Proposition. Let $R$ be a ring and $\{Q_i\}_{i\in I}$ a family of injective $R$ -modules. Then the product $$Q=\prod_{i\in I}\ Q_i$$ is injective.

Proof. Let $B$ be an arbitrary $R$ -module, $A\subseteq B$ a submodule and $f:A\to Q$ a homomorphism. It is enough to show that $f$ can be extended to $B$ . For $i\in I$ denote by $\pi_i:Q\to Q_i$ the projection.
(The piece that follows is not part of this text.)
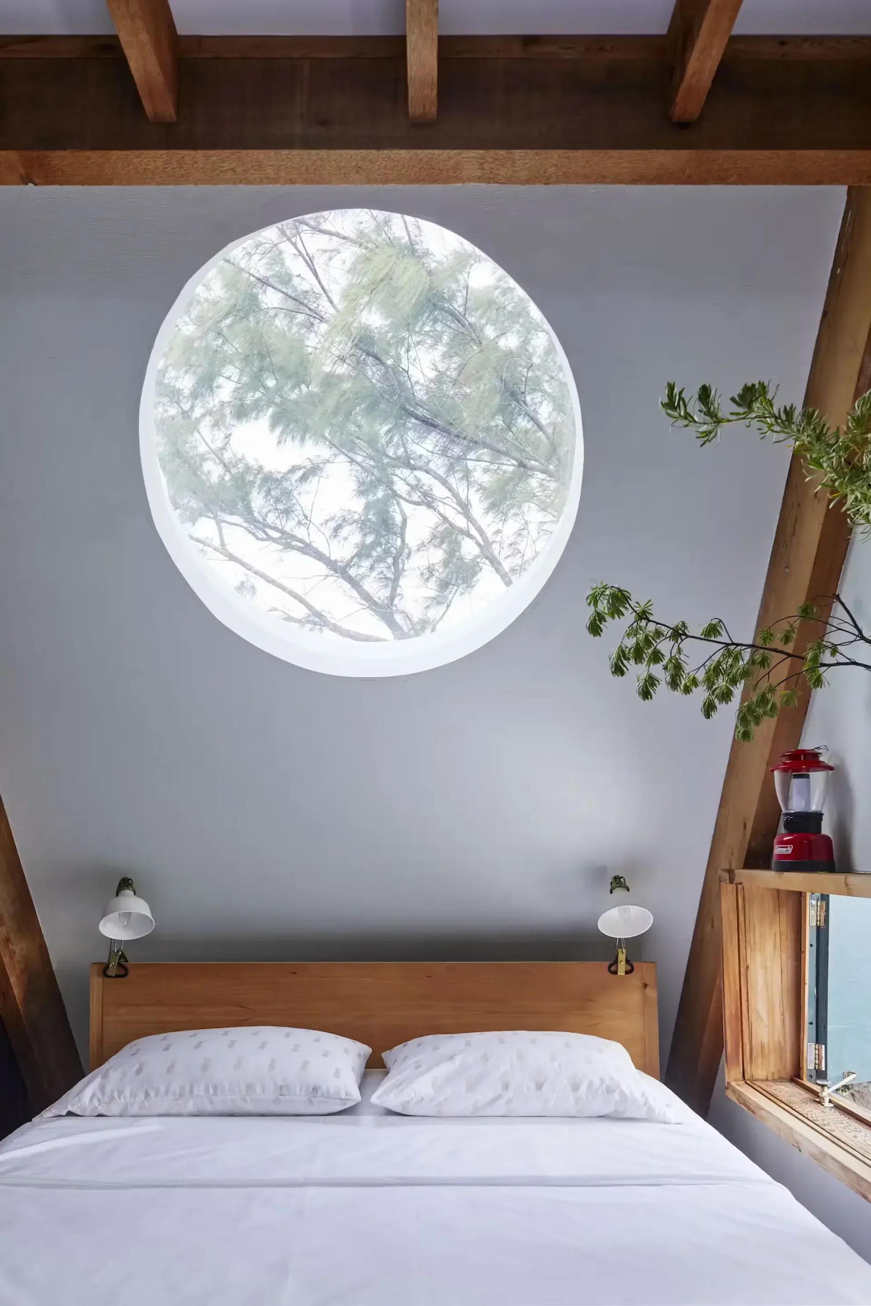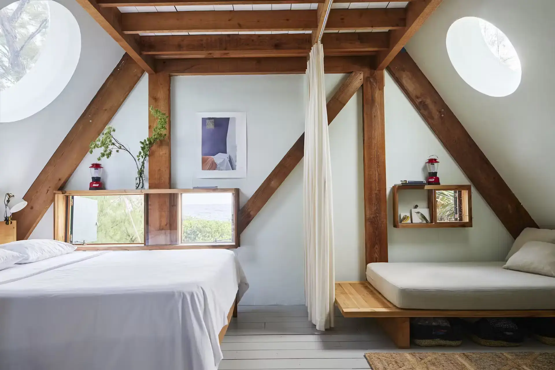 Całkowicie szklana konstrukcja na dole zawiera przesuwane szklane drzwi i sprawia, że otaczający krajobraz jest centralnym punktem. Dwie sypialnie na piętrze wyposażono w dwa świetliki, które kierują widok na nocne niebo, a także okna, które otwierają się, aby zapewnić wentylację krzyżową.

Since $Q_i$ is injective for any $i$ , then the homomorphism $\pi_i \circ f:A\to Q_i$ can be extended to $f'_i:B\to Q_i$ . Then we have $$f':B\to Q;$$ $$f'(b)=\big( f'_i (b)\big)_{i\in I}.$$ It is easy to check, that if $a\in A$ , then $f'(a)=f(a)$ , so $f'$ is an extension of $f$ . Thus $Q$ is injective. $\square$

Remark. Unfortunetly direct sum of injective modules need not be injective. Indeed, there is a theorem which states that direct sums of injective modules are injective if and only if ring $R$ is Noetherian. Note that the proof presented above cannot be used for direct sums, because $f'(b)$ need not be an element of the direct sum, more precisely, it is possible that $f'_i(b)\neq 0$ for infinetly many $i\in I$ . Nevertheless products are always injective.